[[ Collected material, beginning ]]

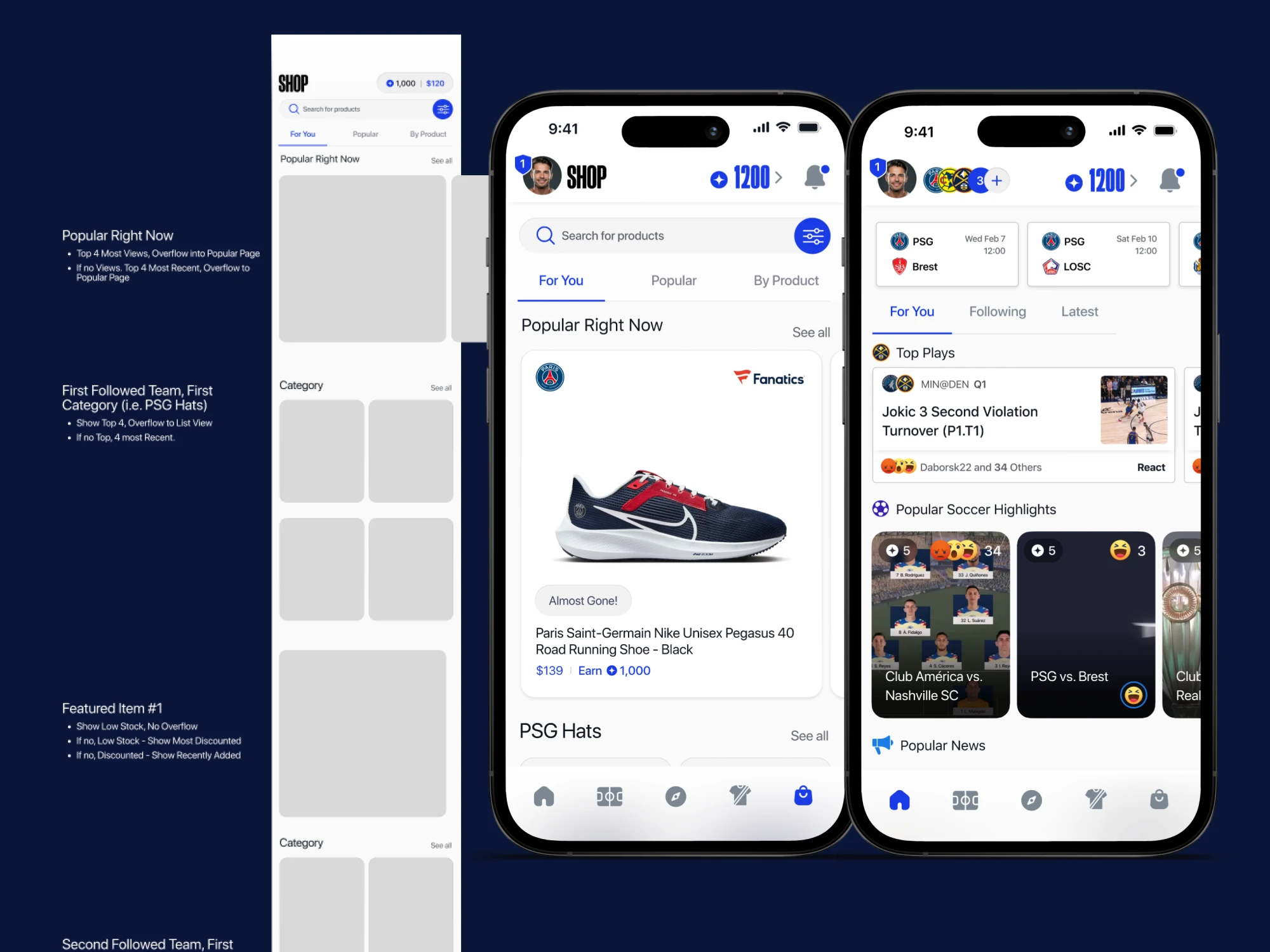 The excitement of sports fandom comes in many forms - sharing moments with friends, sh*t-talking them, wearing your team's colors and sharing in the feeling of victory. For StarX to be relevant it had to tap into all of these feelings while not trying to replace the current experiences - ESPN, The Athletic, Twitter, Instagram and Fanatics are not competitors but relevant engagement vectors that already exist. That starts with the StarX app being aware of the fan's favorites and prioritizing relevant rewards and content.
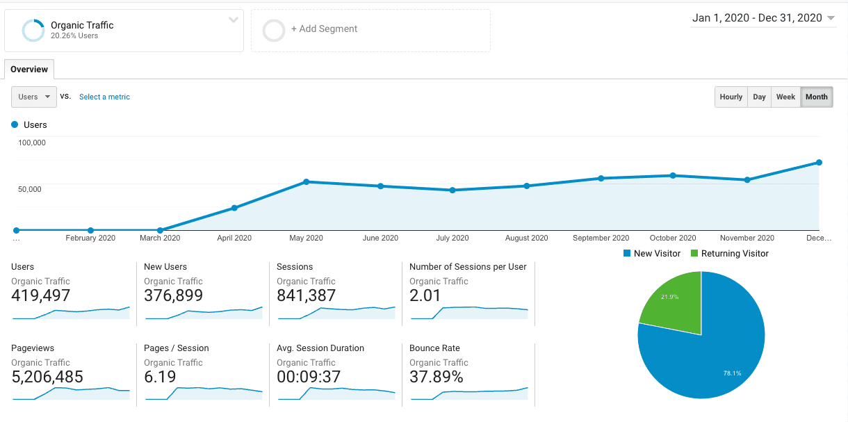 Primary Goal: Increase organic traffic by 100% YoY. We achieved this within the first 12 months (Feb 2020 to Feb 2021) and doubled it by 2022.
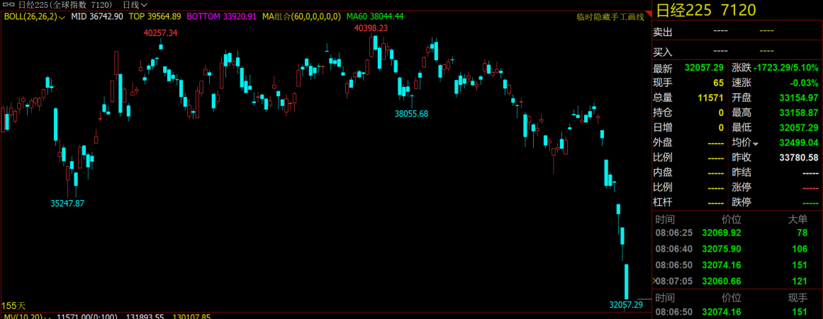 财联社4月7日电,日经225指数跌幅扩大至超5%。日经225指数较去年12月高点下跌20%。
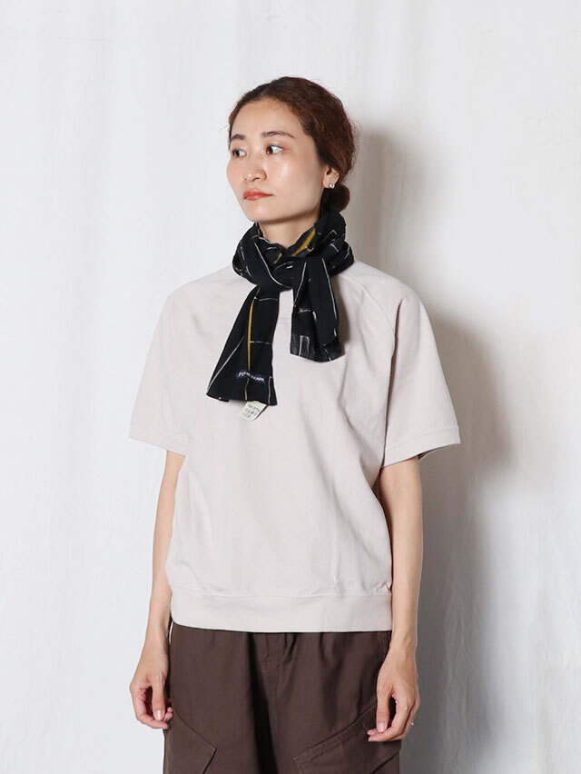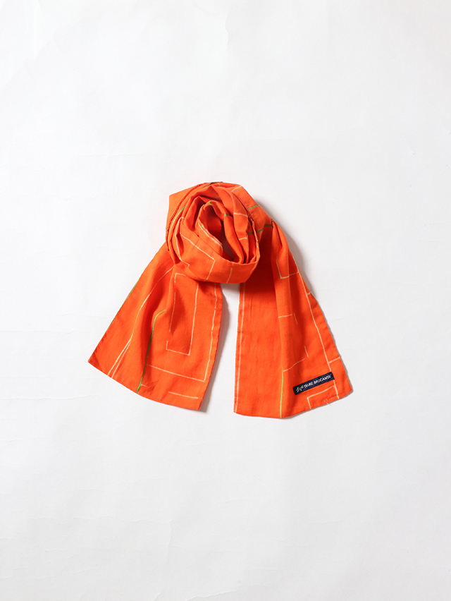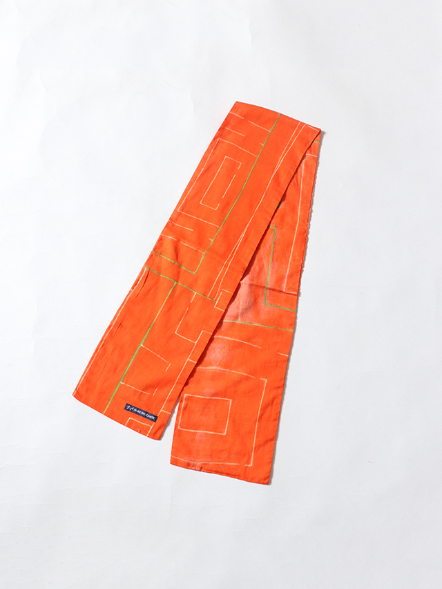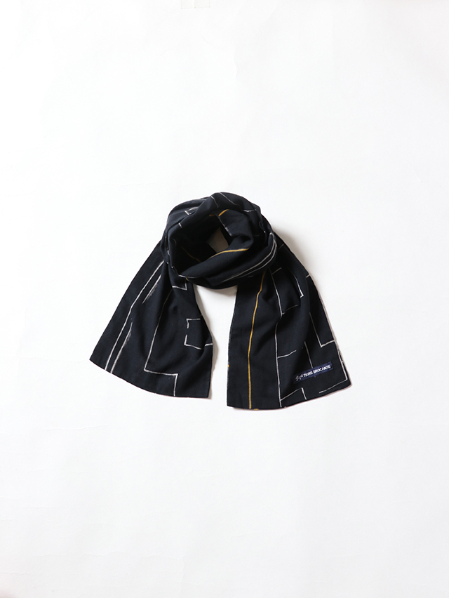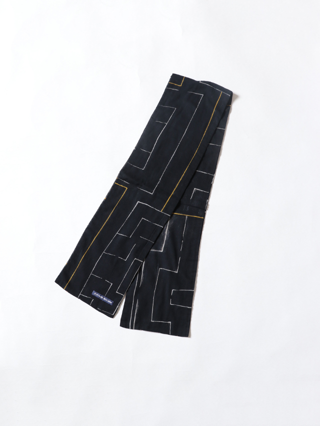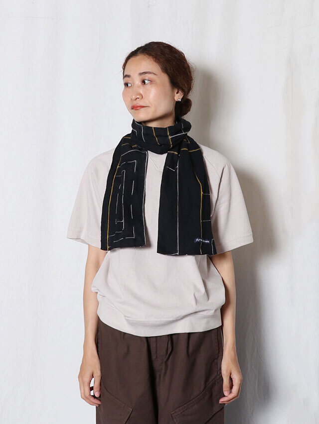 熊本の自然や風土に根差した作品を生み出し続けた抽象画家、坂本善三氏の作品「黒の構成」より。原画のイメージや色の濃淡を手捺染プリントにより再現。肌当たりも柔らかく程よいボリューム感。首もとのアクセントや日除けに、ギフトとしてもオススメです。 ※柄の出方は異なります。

[[ Collected material, end ]]

Instructions for the task :: Copy word for word every line from the one holding "财联社4月7日电,日经225" to the end of the listing, both ends included, but do not copy any pictures.

Solution for this problem ::
 财联社4月7日电,日经225指数跌幅扩大至超5%。日经225指数较去年12月高点下跌20%。
 熊本の自然や風土に根差した作品を生み出し続けた抽象画家、坂本善三氏の作品「黒の構成」より。原画のイメージや色の濃淡を手捺染プリントにより再現。肌当たりも柔らかく程よいボリューム感。首もとのアクセントや日除けに、ギフトとしてもオススメです。 ※柄の出方は異なります。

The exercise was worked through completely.